The Physical Size Of The

Turning our attention to the Sun, this is a gaseous body so we may expect it to expand and contract. For example, changes in the rate of energy generation (through nuclear fusion in its core) will cause its diameter to vary. The Sun is almost 5 billion years old, and over that time span we know that its energy output has not been constant. After the next 5 billion years, when the hydrogen fuel within it starts to be exhausted, astrophysicists expect the Sun to expand to become a red giant star, with a radius perhaps as large as the orbit ofJupiter, more than a thousand times its present size. After that, with little internal energy production to support it, the Sun will shrink again and attain a dimension rather less than at present, becoming a white dwarf.

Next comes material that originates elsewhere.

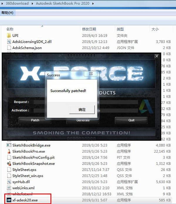 7、打开软件包,将注册机xf-adesk20.exe复制到软件安装目录,右键桌面快捷方式选择打开文件位置进入安装目录,运行注册机,点击patch打补丁,成功打补丁,如图所示。
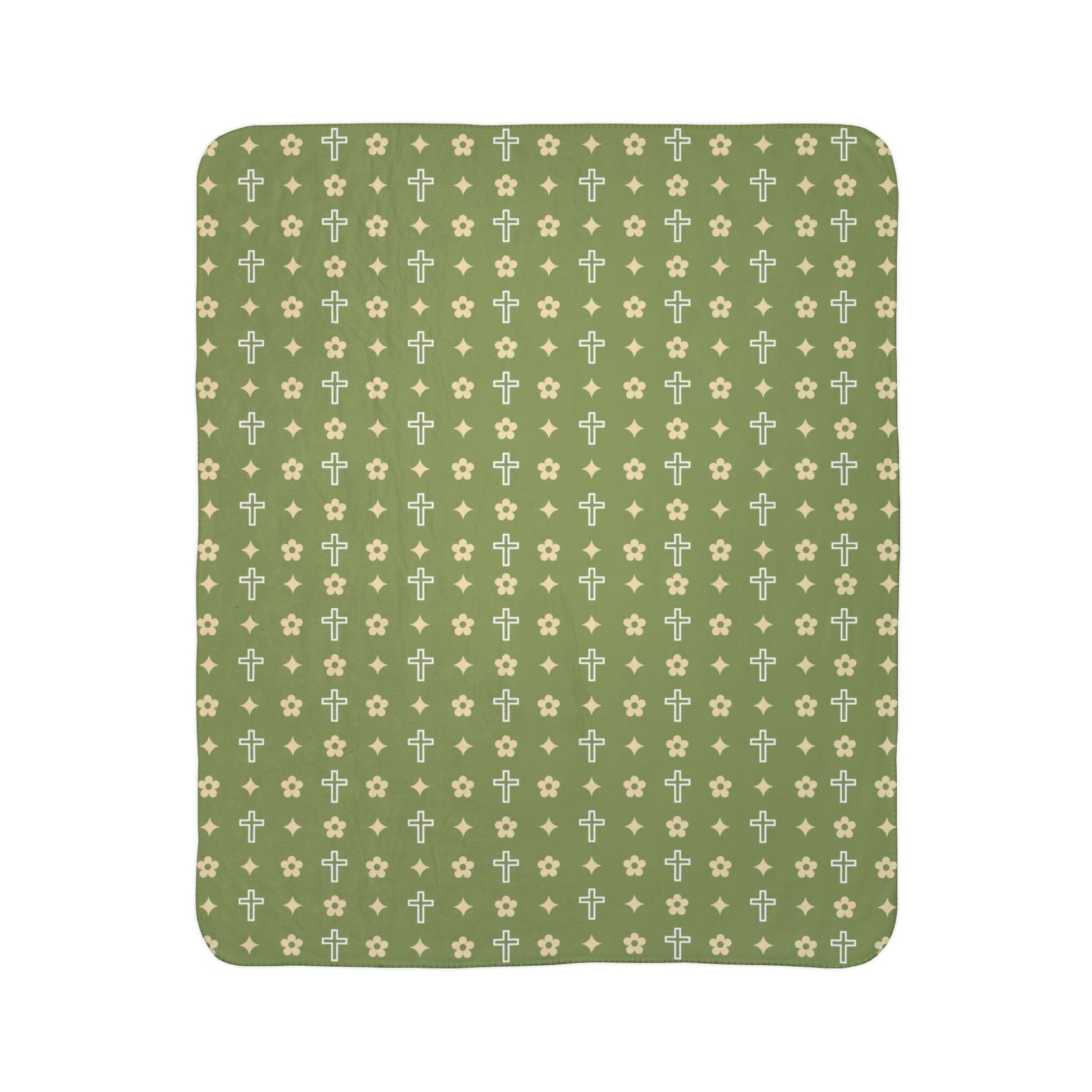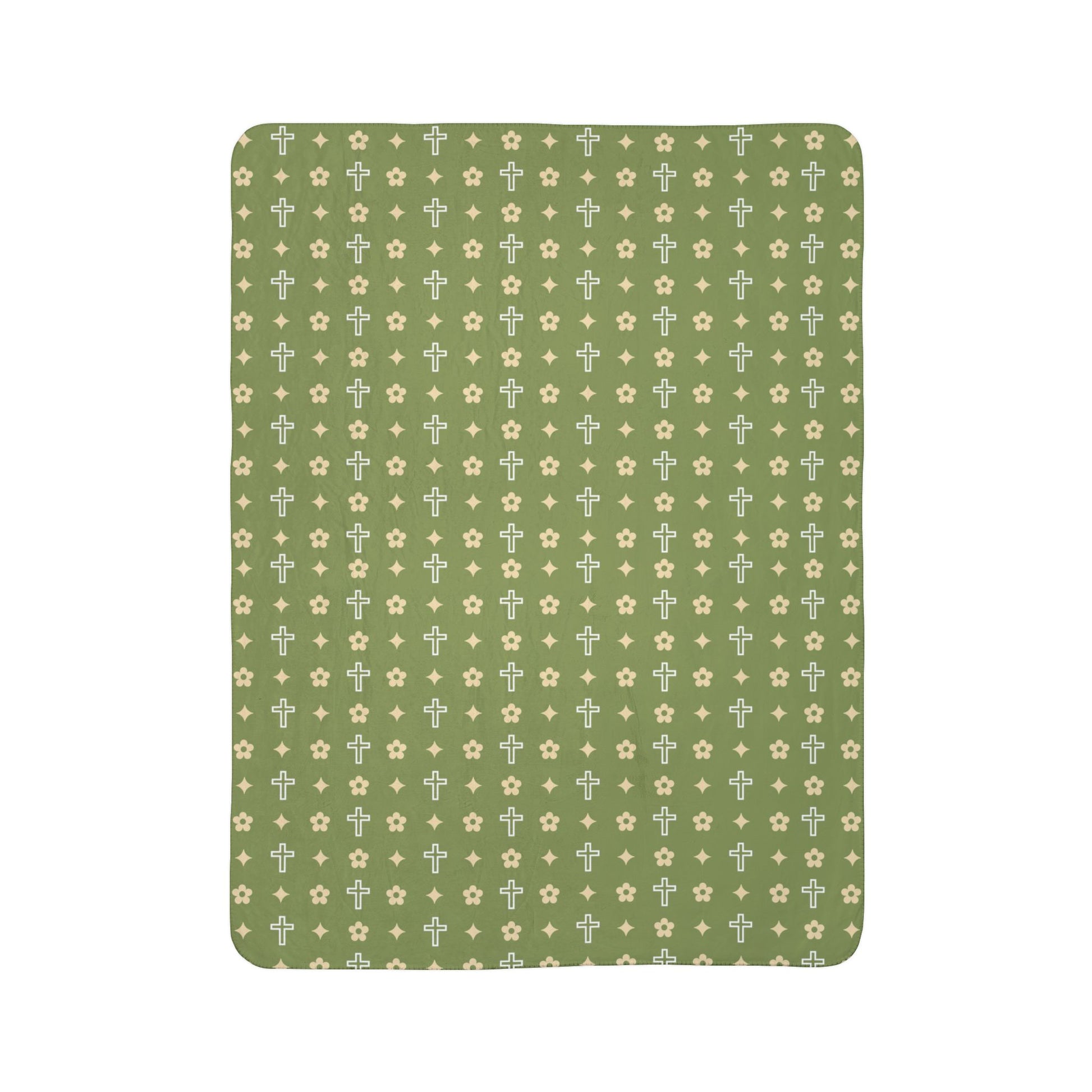 Sherpa Blanket - Cozy Fleece Army Green Daisy Print

Astronomers see these processes occurring in other stars and witness outbursts and oscillations in stellar sizes on all sorts of time scales. Some alter quickly, within days or weeks, but most stars have shown no significant alteration over the decades in which measurements of their brightness have been possible. Although the solar output is reasonably constant in the short-term (which is just as well, otherwise we might get fried), we should be prepared at least to entertain the notion that over centuries or millennia the Sun might grow or shrink. Such variations would of course affect the occurrences of eclipses, and their characteristics. In Chapter 7 we turn our attention to this matter.